Try it:
Without copying any picture, return all lines below exactly.

Data shown:
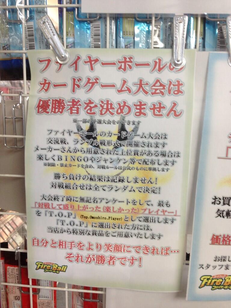 昨日のファイアーボールのまとめ ・参加費300円。ただし、バッヂ持ちは200円。300円払うと200円の商品券くれる。 ・大会の当たり方はランダム。勝ちと勝ち、負けと負けが当たるわけではない。 ・記録用紙に勝敗を書く欄はない(!?) ・対戦相手の名前だけ書く
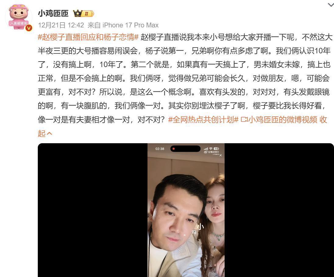 赵樱子最近又和杨子同框直播,两人一唱一和,弹幕直接炸了:“这俩人迟早凑一对。”杨子嘴上否认得挺快,说认识十年都没成,但转头又补一句:“真在一起也不犯法,男未婚女未嫁嘛。”一边否认,一边留缝,话里话外全是戏。
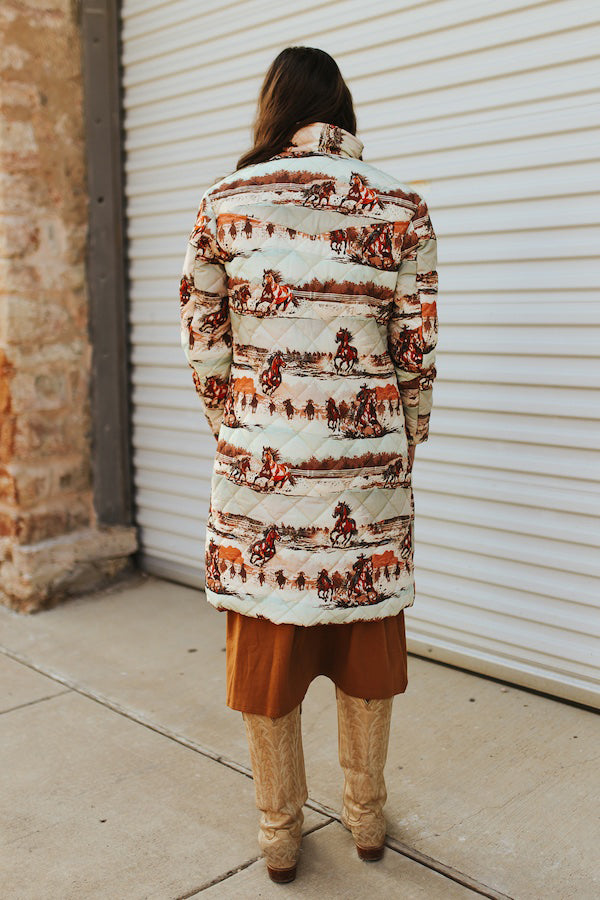 Make a bold seasonal statement with this Western-inspired quilted longline puffer coat featuring a striking allover ranch horse landscape print. Designed for comfort and warmth, it features a full-front snap closure, side pockets, and a cozy standing collar. The desert tones of rust, cream, brown, and soft sage highlight a scenic prairie print with galloping horses, cattle drives, and ranch silhouettes, bringing vintage Western storytelling to life in modern outerwear. This jacket combines functionality with artistic flair.

Task result:
 昨日のファイアーボールのまとめ ・参加費300円。ただし、バッヂ持ちは200円。300円払うと200円の商品券くれる。 ・大会の当たり方はランダム。勝ちと勝ち、負けと負けが当たるわけではない。 ・記録用紙に勝敗を書く欄はない(!?) ・対戦相手の名前だけ書く
 赵樱子最近又和杨子同框直播,两人一唱一和,弹幕直接炸了:“这俩人迟早凑一对。”杨子嘴上否认得挺快,说认识十年都没成,但转头又补一句:“真在一起也不犯法,男未婚女未嫁嘛。”一边否认,一边留缝,话里话外全是戏。
 Make a bold seasonal statement with this Western-inspired quilted longline puffer coat featuring a striking allover ranch horse landscape print. Designed for comfort and warmth, it features a full-front snap closure, side pockets, and a cozy standing collar. The desert tones of rust, cream, brown, and soft sage highlight a scenic prairie print with galloping horses, cattle drives, and ranch silhouettes, bringing vintage Western storytelling to life in modern outerwear. This jacket combines functionality with artistic flair.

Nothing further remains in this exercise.